> [MATERIAL FOR THE TASK]

━━━━━━━━━━━━━━━━━━━━

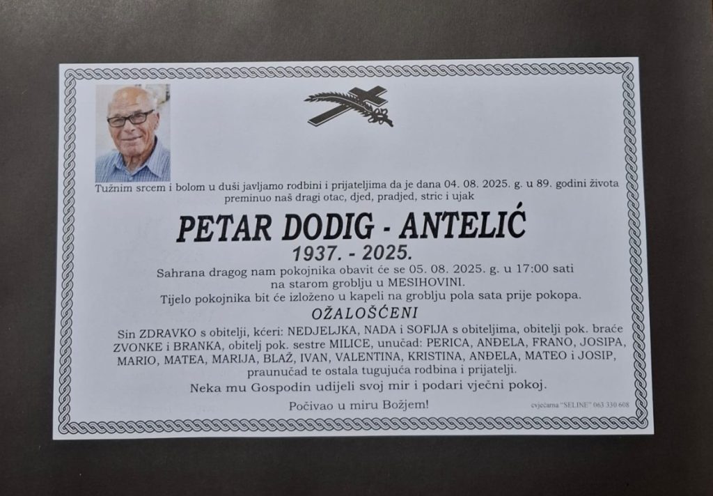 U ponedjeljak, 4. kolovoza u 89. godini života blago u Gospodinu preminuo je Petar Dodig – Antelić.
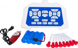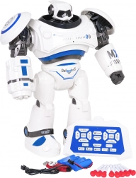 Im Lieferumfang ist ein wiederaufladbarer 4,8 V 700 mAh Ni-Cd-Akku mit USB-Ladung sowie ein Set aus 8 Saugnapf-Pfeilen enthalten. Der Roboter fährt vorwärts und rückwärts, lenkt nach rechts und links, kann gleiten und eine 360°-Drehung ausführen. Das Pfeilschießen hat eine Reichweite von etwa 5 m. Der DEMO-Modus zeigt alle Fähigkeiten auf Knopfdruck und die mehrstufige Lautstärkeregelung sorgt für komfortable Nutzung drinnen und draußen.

━━━━━━━━━━━━━━━━━━━━

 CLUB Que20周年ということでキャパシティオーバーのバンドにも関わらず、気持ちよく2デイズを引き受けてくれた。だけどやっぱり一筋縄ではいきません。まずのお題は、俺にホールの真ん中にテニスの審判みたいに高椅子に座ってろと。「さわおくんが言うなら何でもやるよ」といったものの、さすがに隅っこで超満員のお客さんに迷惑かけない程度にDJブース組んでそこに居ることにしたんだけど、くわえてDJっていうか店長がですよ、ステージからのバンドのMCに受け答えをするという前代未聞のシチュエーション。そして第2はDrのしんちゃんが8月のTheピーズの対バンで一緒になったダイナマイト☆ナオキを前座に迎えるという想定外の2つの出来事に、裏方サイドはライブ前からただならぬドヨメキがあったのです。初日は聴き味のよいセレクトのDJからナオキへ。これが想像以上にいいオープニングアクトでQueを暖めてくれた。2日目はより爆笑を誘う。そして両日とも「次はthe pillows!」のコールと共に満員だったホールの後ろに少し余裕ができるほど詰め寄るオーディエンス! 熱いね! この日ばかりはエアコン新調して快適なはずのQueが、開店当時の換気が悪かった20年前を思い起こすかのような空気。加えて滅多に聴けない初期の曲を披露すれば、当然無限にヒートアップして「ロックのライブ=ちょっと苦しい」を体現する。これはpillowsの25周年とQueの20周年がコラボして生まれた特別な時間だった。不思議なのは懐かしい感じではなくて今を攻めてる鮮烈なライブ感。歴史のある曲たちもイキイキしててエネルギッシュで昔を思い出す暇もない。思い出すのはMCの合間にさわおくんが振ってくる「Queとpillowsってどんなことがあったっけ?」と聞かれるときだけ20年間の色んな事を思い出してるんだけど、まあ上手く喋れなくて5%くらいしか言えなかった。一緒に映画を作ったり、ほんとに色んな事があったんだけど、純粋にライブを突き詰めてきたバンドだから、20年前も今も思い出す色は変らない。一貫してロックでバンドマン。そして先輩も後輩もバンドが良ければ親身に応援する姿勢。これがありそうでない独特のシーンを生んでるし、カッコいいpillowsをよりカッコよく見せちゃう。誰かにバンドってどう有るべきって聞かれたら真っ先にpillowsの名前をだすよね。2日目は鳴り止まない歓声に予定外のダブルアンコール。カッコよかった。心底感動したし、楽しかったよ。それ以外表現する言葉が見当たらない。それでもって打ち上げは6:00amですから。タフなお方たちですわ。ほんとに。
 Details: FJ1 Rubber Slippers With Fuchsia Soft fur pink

━━━━━━━━━━━━━━━━━━━━

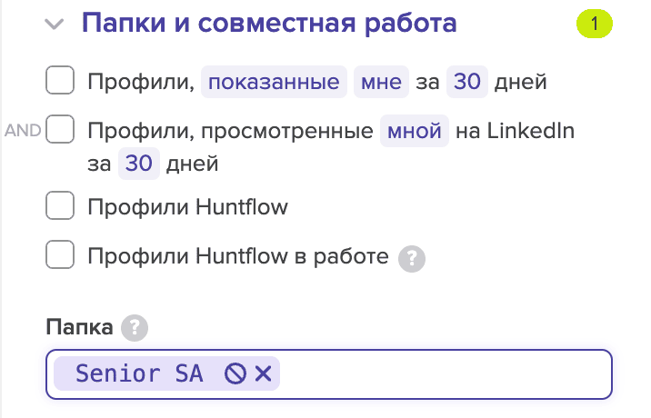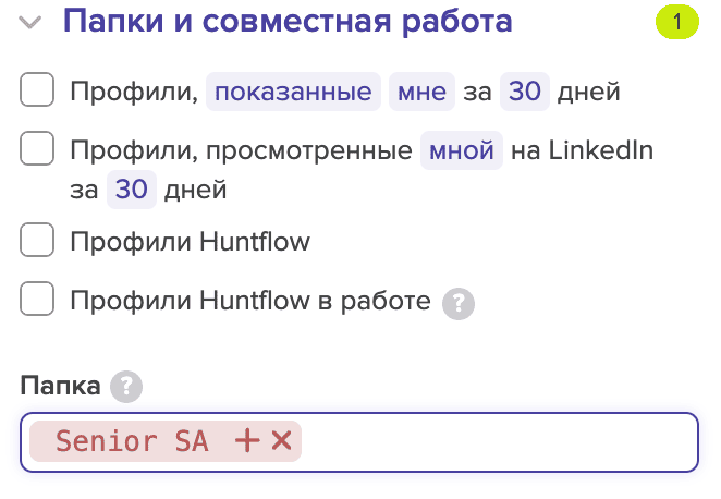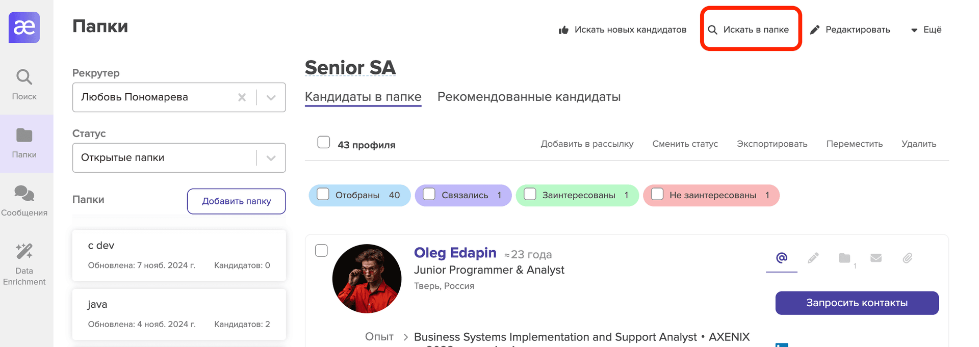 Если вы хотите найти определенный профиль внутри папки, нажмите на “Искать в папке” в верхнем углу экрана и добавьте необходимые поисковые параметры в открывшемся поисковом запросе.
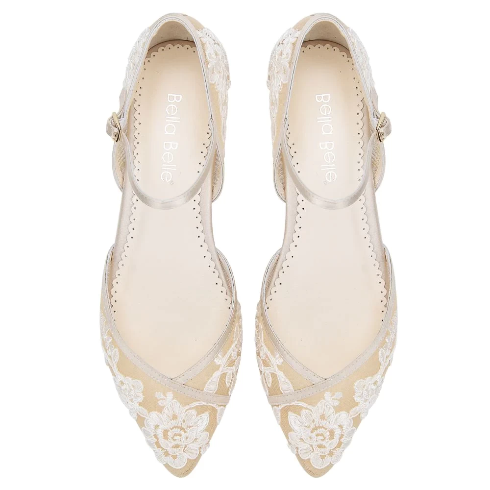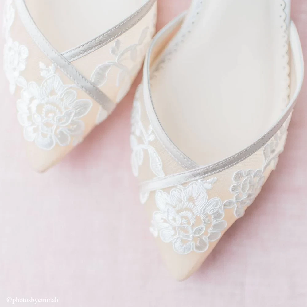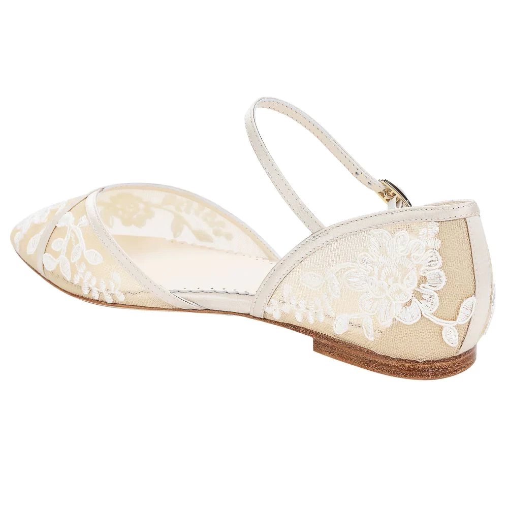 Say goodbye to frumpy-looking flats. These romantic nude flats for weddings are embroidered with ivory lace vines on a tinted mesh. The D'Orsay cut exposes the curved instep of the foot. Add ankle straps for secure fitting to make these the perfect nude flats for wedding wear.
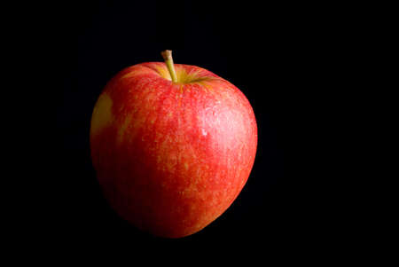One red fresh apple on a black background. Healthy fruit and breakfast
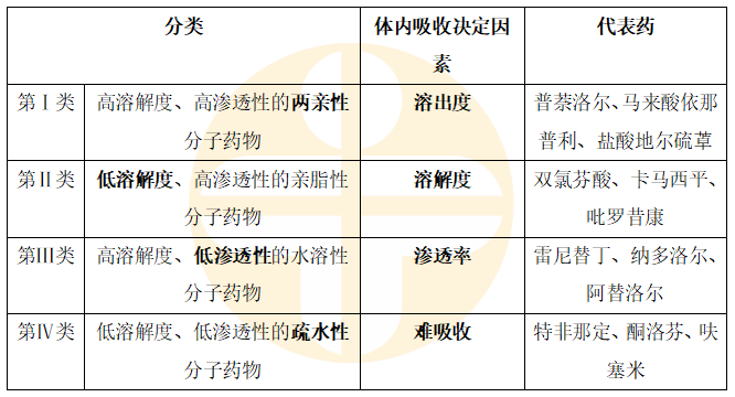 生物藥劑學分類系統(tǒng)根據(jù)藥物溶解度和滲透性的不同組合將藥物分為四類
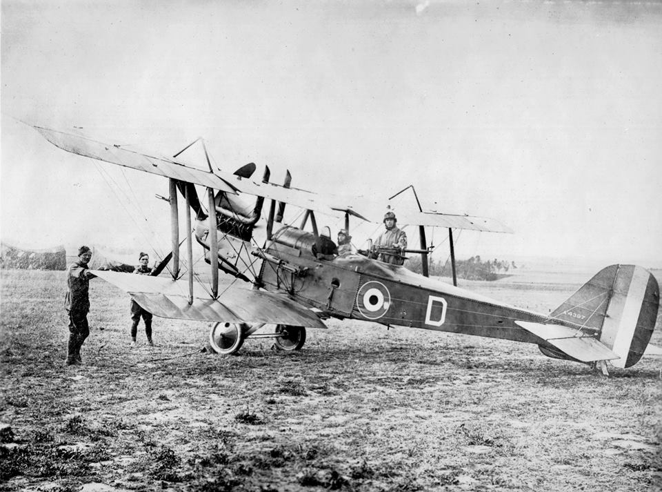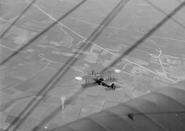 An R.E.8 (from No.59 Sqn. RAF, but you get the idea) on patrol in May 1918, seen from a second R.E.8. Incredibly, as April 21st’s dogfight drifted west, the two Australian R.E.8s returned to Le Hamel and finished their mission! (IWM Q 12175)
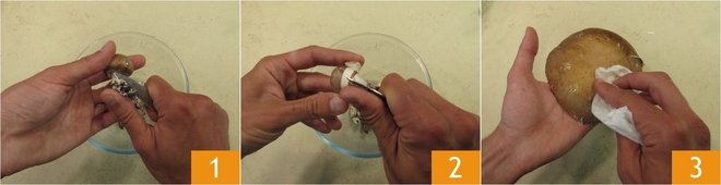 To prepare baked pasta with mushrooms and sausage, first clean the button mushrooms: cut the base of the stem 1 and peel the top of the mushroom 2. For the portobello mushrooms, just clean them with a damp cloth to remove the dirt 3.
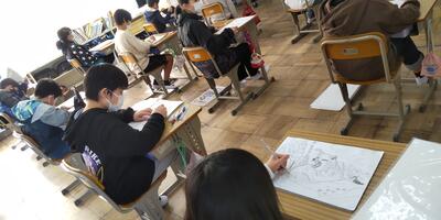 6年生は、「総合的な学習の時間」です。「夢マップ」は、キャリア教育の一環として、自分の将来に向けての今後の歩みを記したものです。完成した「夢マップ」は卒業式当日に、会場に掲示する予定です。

━━━━━━━━━━━━━━━━━━━━

> [EXERCISE AIM] Using the entries above, transcribe exactly from the line that has "U ponedjeljak, 4." through the line that has "Im Lieferumfang ist". Pictures are dropped.

> [YOUR SOLUTION]
 U ponedjeljak, 4. kolovoza u 89. godini života blago u Gospodinu preminuo je Petar Dodig – Antelić.
 Im Lieferumfang ist ein wiederaufladbarer 4,8 V 700 mAh Ni-Cd-Akku mit USB-Ladung sowie ein Set aus 8 Saugnapf-Pfeilen enthalten. Der Roboter fährt vorwärts und rückwärts, lenkt nach rechts und links, kann gleiten und eine 360°-Drehung ausführen. Das Pfeilschießen hat eine Reichweite von etwa 5 m. Der DEMO-Modus zeigt alle Fähigkeiten auf Knopfdruck und die mehrstufige Lautstärkeregelung sorgt für komfortable Nutzung drinnen und draußen.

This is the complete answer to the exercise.